WARNING: Do not use the valve if the tamper-evident
seal is damaged, broken, or missing, or if fluid is
leaking from the jar.
1. Assure that the labeling on the valve container
indicates the proper valve model selected for
the case.
2. Using blunt-nosed sterile forceps, carefully
remove the valve holder from the jar. Use the
designated tab on the valve holder.
CAUTION: Do not place the non-sterile exterior
of the jar containing the valve in the sterile
field.
3. Carefully cut the stay suture and grasp the
valve at the cuff. Remove the valve from the
holder.
CAUTION: Manage tether and leader to assure
they remain sterile.
4. Drain the valve completely.
5. Carefully inspect the valve.
CAUTION: Do not use the valve if there is any
sign of damage or deterioration.
10.3. Rinsing the Valve
Follow sterile technique during valve preparation and
implantation.
1. On a table within the sterile field, prepare
three (3) sterile basins for rinsing the valve,
each with 600 – 800 mL of sterile heparinized
saline (1000 units/L).
CAUTION: Do not add any other solutions,
drugs, chemicals, or antibiotics to the rinse
solution, as irreparable damage to the leaflet
tissue, which may not be apparent under visual
inspection, may result.
2. Fully immerse the valve in the heparinized
saline solution in the first basin and rinse the
valve for two (2) minutes.
3. Use a 20-35 mL syringe to perform a 20 mL
flush of each of the three (3) leaflet pockets to
remove residual glutaraldehyde.
TM
IFU, TENDYNE
Mitral Valve System
CAUTION: Do not touch the leaflets or squeeze
the valve during rinsing.
4. Transfer the valve to the second basin and
rinse the valve for a second time for two (2)
minutes.
5. Perform another 20 mL flush of each of the
three (3) leaflet pockets.
6. Transfer the valve to the third basin and rinse
the valve for a third time for two (2) minutes.
7. Perform another 20 mL flush of each of the
three (3) leaflet pockets.
8. Flush the braided tether thoroughly to remove
residual glutaraldehyde.
9. Insert the tether leader into the Tuohy-Borst
valve on the tether flushing assembly until the
end abuts the valve stem. Close the Tuohy-
Borst valve.
10. Attach a 20-35 mL syringe to the Y-connector
and aspirate the air from the tether.
11. Perform a forward and backward flush of the
tether three (3) times or until no air bubbles
are identified exiting the tether flushing
assembly. Loosen Tuohy-Borst valve and
remove the tether and leader from the tether
flushing assembly.
12. After rinsing, leave the valve fully immersed in
the third basin until it is ready to be loaded.

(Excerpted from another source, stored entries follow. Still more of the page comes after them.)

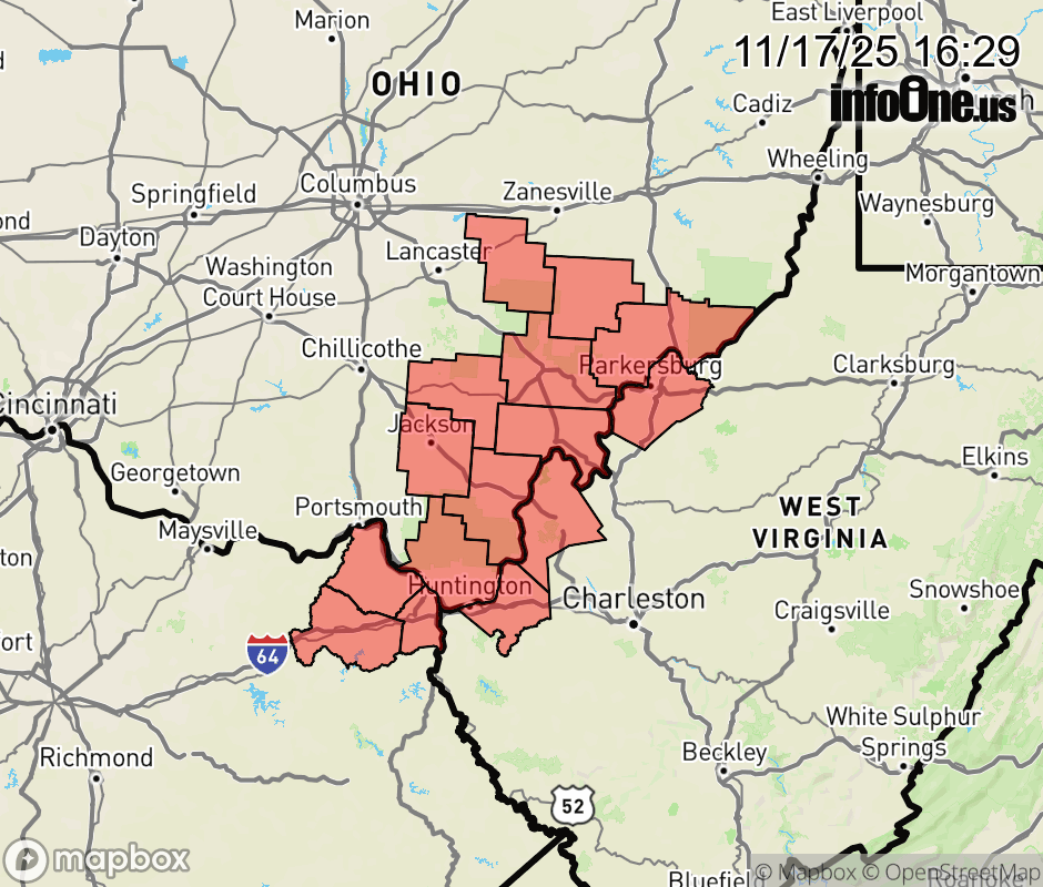 Canceled 11/18/25 2:04 AM Winter Weather Advisory issued November 17 at 4:28PM EST until November 18 at 10:00AM EST by NWS Charleston WV * WHAT... Freezing rain expected. Total ice accumulations around a light glaze. * WHERE... Portions of northeast Kentucky, southeast Ohio, and northern and western West Virginia. * WHEN... From 6 AM to 10 AM EST Tuesday. * IMPACTS... Very slippery sidewalks, roads and bridges are possible. The hazardous conditions could impact the Tuesday morning commute. * ADDITIONAL DETAILS... A brief period of freezing rain is expected prior to switching over to all rain. Areas typically subject to cold air drainage are expected to experience the longest duration of freezing rain. ![]() |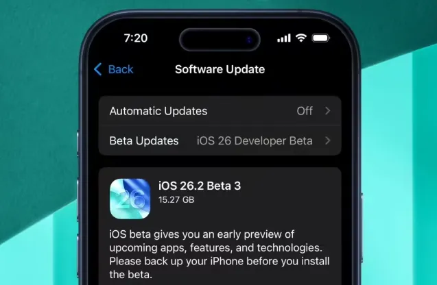 2025 年 11 月 18 日,苹果推送了 iOS/iPadOS 26.2 Beta 3(内部版本号 23C5044b),距上一测试版本仅间隔 5 天。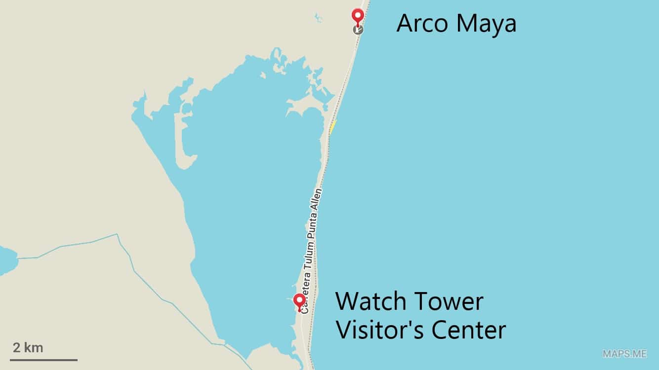Em qualquer caso, existem 3 fontes diferentes que falam sobre os barcos presentes na Torre de Vigia – Centro de Visitantes para 700MXN (você pode encontrá-lo em Maps.me, digite Watch Tower Visitor’s Center Sian Ka’an ou procure no mapa de Maps.me), a 8,8 km do Arco Maya (a entrada para a reserva).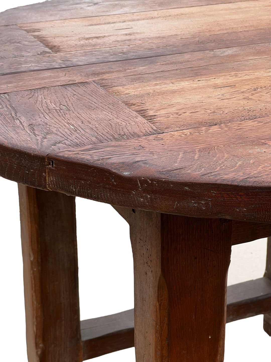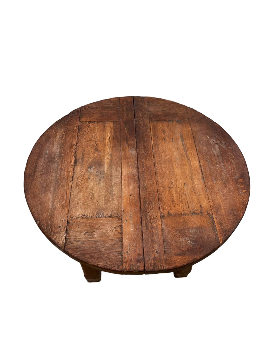 Round dining table in patinated oak, originally from Denmark around the 1940s. In beautiful original condition.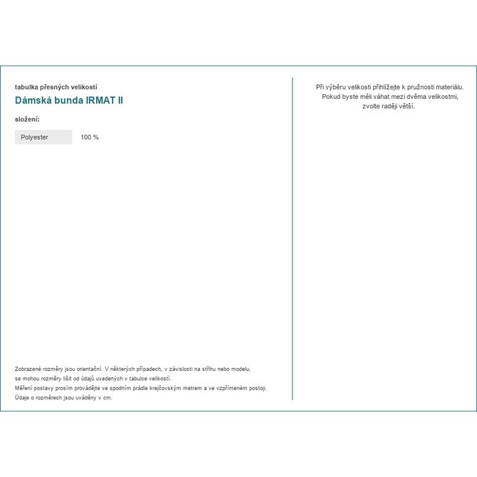 Rozměry bundy ve velikosti M měřeno v plochém stavu: šířka v podpaží - 51 cm, délka rukávu - 59 cm, celková délka - 71 cm.

CAUTION: The valve should be kept hydrated
throughout the rest of the preparation
procedure to prevent the tissue from drying.
WARNING: Throughout preparation of the
components, remove air using syringes, stopcocks, and
flushing with positive pressure saline as needed. It is
imperative that all components be purged of air to
prevent introducing air emboli into the heart.
10.4. Preparing the Pad Positioning System
1. Place sterile weight on table. Inspect for
evidence of damage or corrosion. If damage or
corrosion is detected, do not use.
2. Assure that the labeling on the pouch indicates
the Apical Pad model that is selected for the
case. Remove jar containing Apical Pad from
sterile pouch. Open jar and inspect Apical Pad.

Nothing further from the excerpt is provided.